Work instruction –
The response should reproduce exactly the lines from the top of the listing below through the one that contains "mokrý pevnejší háčik, ružová", and nothing else; pictures do not belong in it.

== Dataset content ==

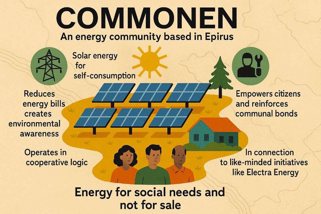 CommonEn, an energy cooperative established in Ioannina, Greece, in 2021, launched its first solar park in 2023. This initiative has the capacity to provide electricity to 35 households and local small-to-medium enterprises (SMEs). Backed by the Electra Energy, CommonEn is committed to promoting sustainable energy and tackling energy poverty. Operating in a region characterised by high unemployment and an ageing population, CommonEn is a prime example of a grassroots social innovation in the field of community-centred energy solutions.
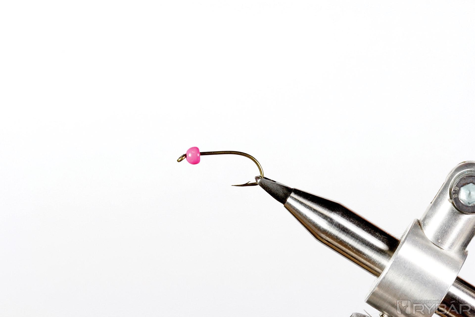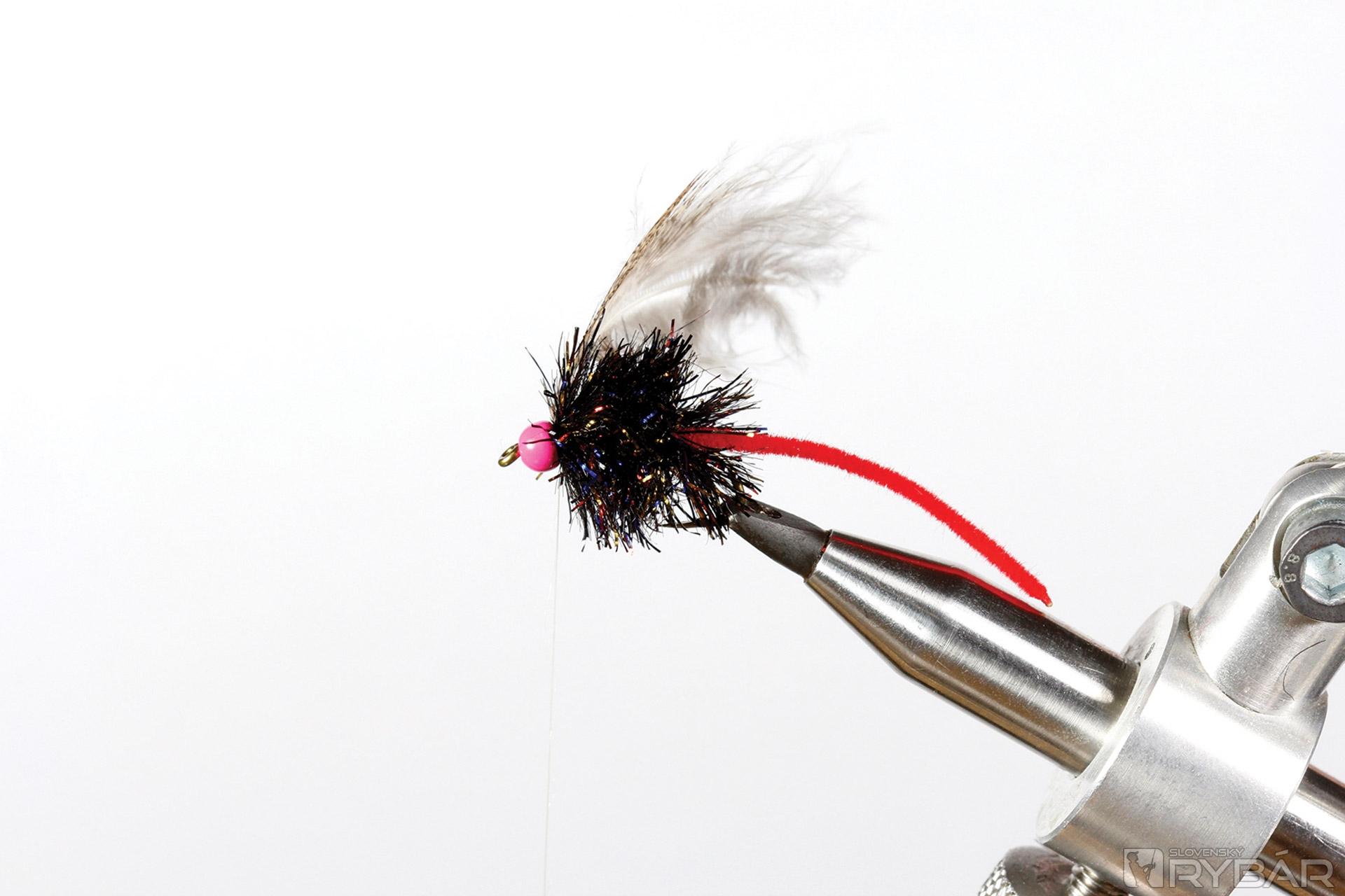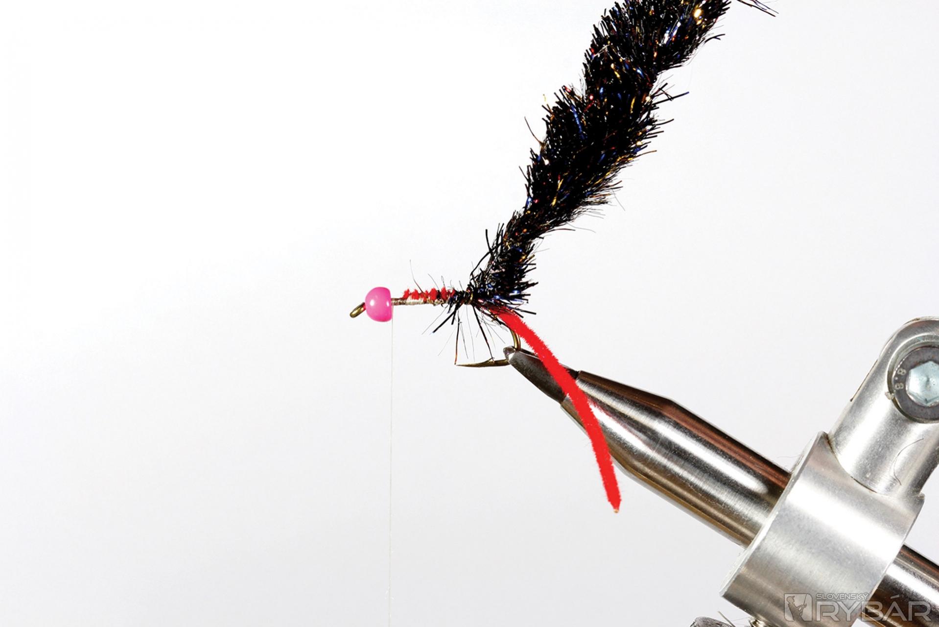 mokrý pevnejší háčik, ružová volfrámová guľôčka, červená šenilka, objemná blobová šenilka, pierko z jarabice.
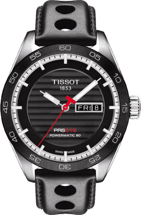 Tissot Watch PRS516 T1004301605100. Tissot PRS 516 series takes time to reflect on its 1960s motorsport inspired origins. Wearers of the Tissot PRS models are equipped with timepieces integrating the innovations in Swiss watchmaking to complement nostalgic design elements from the racetrack. On some of these models, the movement can be seen in action through the distinctive case back shaped like the steering wheel of a pioneering sports car.
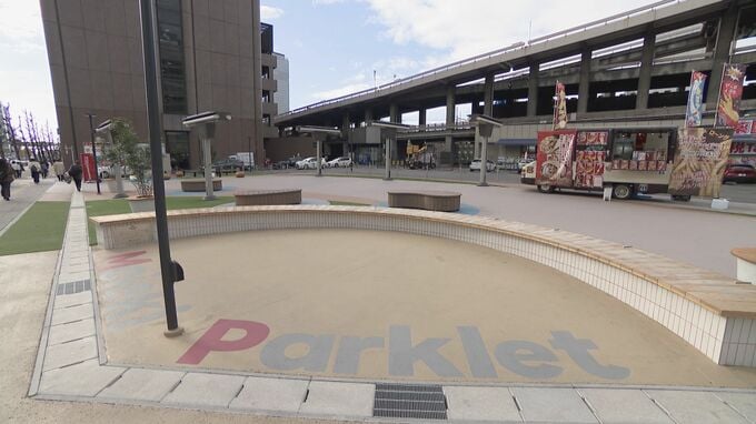 「ベンチのところに『再開発を見据えてしばらくの間、ほっと一息つけるウォーカブルな空間Meieki Parkletとして整備しました』と書かれたプレートがあります。しばらくの間というのは、どのくらいの期間になるのでしょう」

===

Solution below –
 CommonEn, an energy cooperative established in Ioannina, Greece, in 2021, launched its first solar park in 2023. This initiative has the capacity to provide electricity to 35 households and local small-to-medium enterprises (SMEs). Backed by the Electra Energy, CommonEn is committed to promoting sustainable energy and tackling energy poverty. Operating in a region characterised by high unemployment and an ageing population, CommonEn is a prime example of a grassroots social innovation in the field of community-centred energy solutions.
 mokrý pevnejší háčik, ružová volfrámová guľôčka, červená šenilka, objemná blobová šenilka, pierko z jarabice.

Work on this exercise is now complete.